• _Task brief_: Everything below from the line with "5月15日,世华初中将带来校" through the line with "Read moreIt has" should be copied exactly, and nothing else; leave out the pictures.

Source records section start

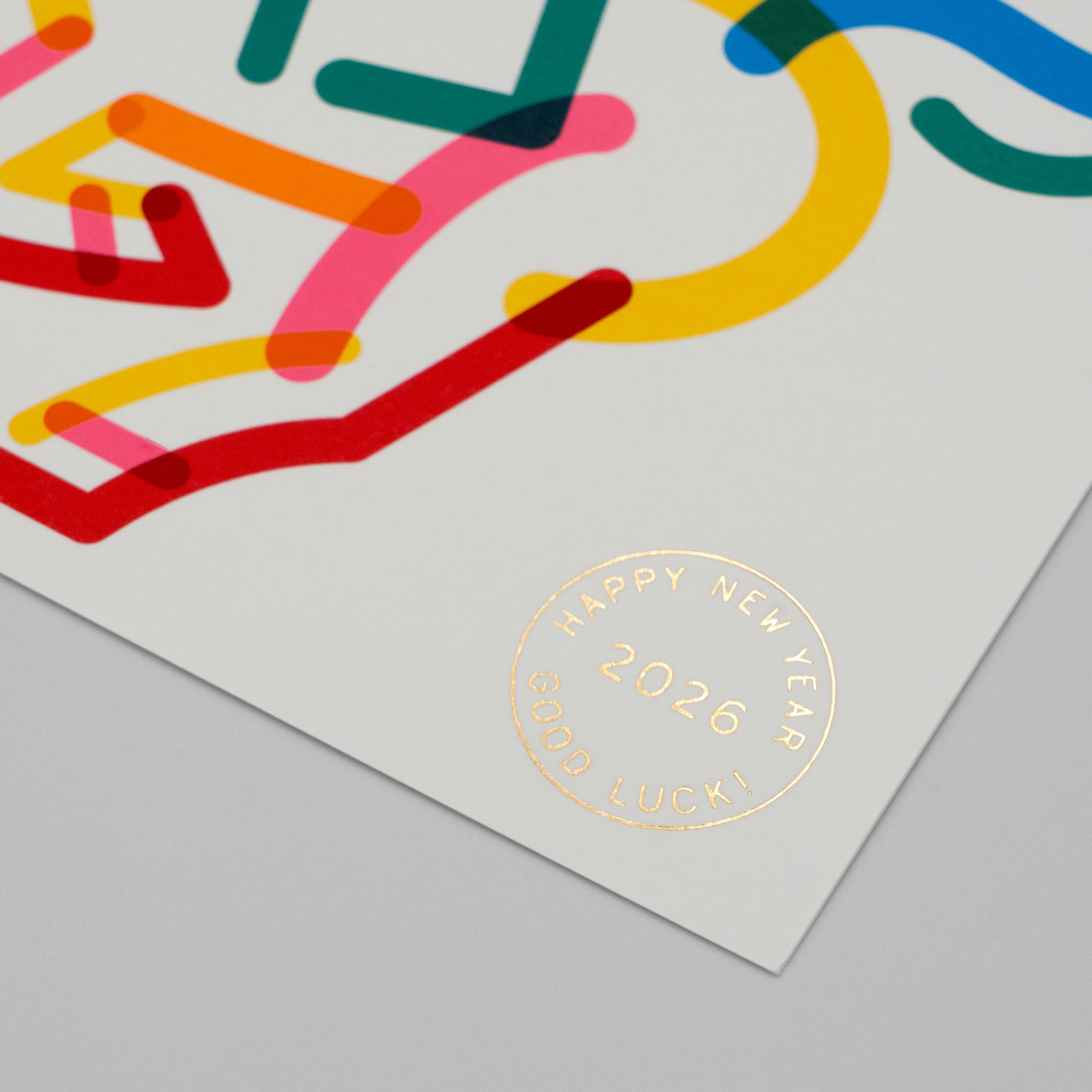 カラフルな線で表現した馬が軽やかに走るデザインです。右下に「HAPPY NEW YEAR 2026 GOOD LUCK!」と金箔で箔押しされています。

Source records section end
Source records section start

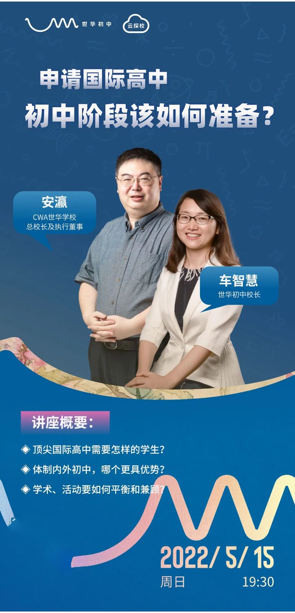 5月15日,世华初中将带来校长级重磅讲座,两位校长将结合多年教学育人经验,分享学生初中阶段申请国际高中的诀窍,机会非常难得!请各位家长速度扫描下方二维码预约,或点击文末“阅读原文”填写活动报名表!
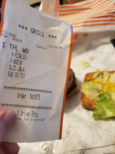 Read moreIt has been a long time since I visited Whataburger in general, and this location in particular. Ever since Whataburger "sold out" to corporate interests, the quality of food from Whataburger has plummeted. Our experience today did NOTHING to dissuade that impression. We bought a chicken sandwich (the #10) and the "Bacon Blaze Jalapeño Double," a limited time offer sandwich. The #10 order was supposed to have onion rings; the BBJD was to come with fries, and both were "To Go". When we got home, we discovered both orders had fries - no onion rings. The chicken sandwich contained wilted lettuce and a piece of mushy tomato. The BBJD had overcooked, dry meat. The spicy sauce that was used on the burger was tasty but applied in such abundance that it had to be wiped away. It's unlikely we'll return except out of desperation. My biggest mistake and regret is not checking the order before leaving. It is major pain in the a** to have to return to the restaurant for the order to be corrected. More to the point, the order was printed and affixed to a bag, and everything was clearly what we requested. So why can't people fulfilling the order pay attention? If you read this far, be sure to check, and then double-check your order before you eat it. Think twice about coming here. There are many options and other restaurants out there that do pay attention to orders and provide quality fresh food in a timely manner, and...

Source records section end
Source records section start

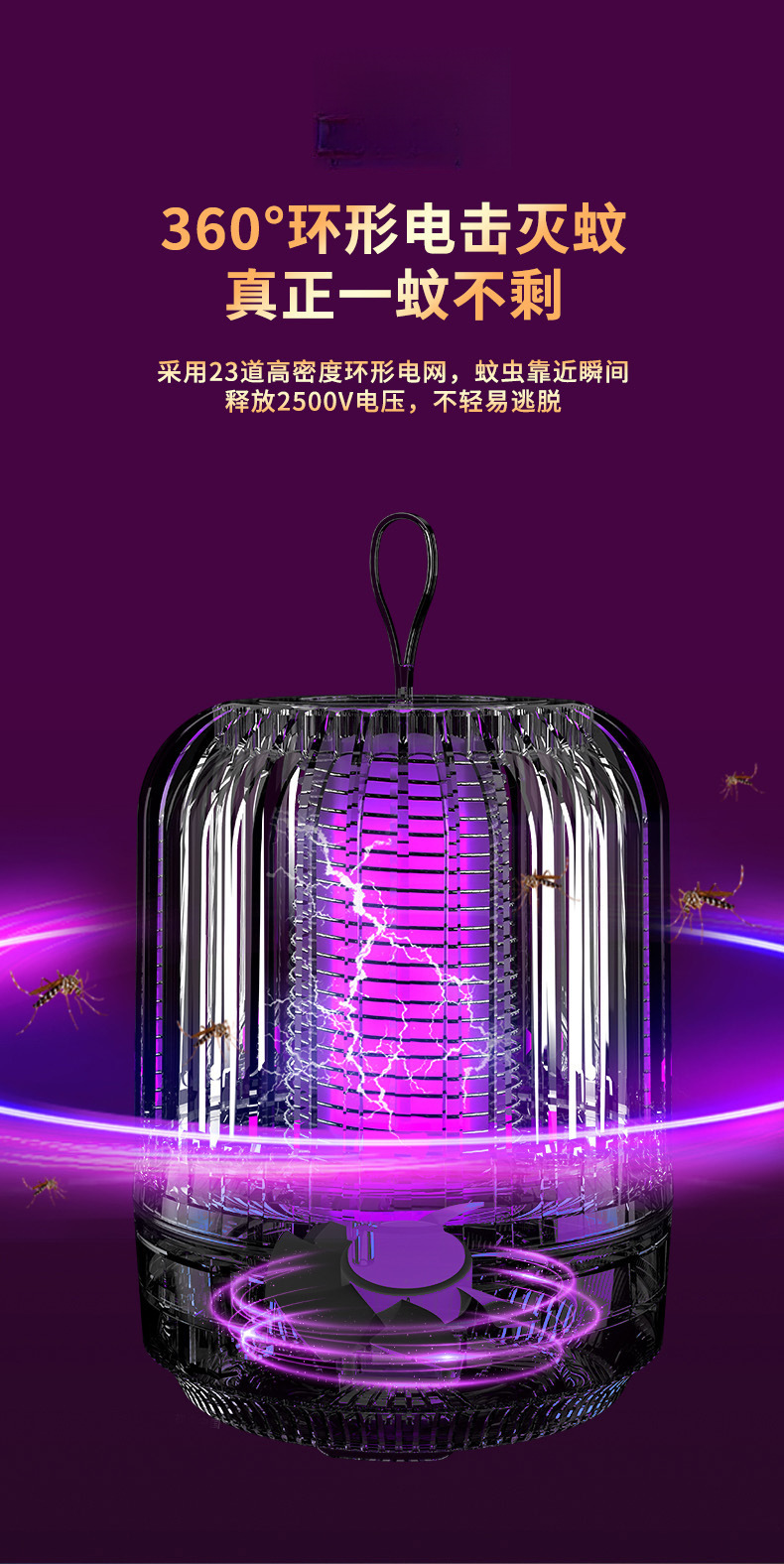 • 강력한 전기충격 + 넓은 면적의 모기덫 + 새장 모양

Source records section end

• _Exercise response_:
 5月15日,世华初中将带来校长级重磅讲座,两位校长将结合多年教学育人经验,分享学生初中阶段申请国际高中的诀窍,机会非常难得!请各位家长速度扫描下方二维码预约,或点击文末“阅读原文”填写活动报名表!
 Read moreIt has been a long time since I visited Whataburger in general, and this location in particular. Ever since Whataburger "sold out" to corporate interests, the quality of food from Whataburger has plummeted. Our experience today did NOTHING to dissuade that impression. We bought a chicken sandwich (the #10) and the "Bacon Blaze Jalapeño Double," a limited time offer sandwich. The #10 order was supposed to have onion rings; the BBJD was to come with fries, and both were "To Go". When we got home, we discovered both orders had fries - no onion rings. The chicken sandwich contained wilted lettuce and a piece of mushy tomato. The BBJD had overcooked, dry meat. The spicy sauce that was used on the burger was tasty but applied in such abundance that it had to be wiped away. It's unlikely we'll return except out of desperation. My biggest mistake and regret is not checking the order before leaving. It is major pain in the a** to have to return to the restaurant for the order to be corrected. More to the point, the order was printed and affixed to a bag, and everything was clearly what we requested. So why can't people fulfilling the order pay attention? If you read this far, be sure to check, and then double-check your order before you eat it. Think twice about coming here. There are many options and other restaurants out there that do pay attention to orders and provide quality fresh food in a timely manner, and...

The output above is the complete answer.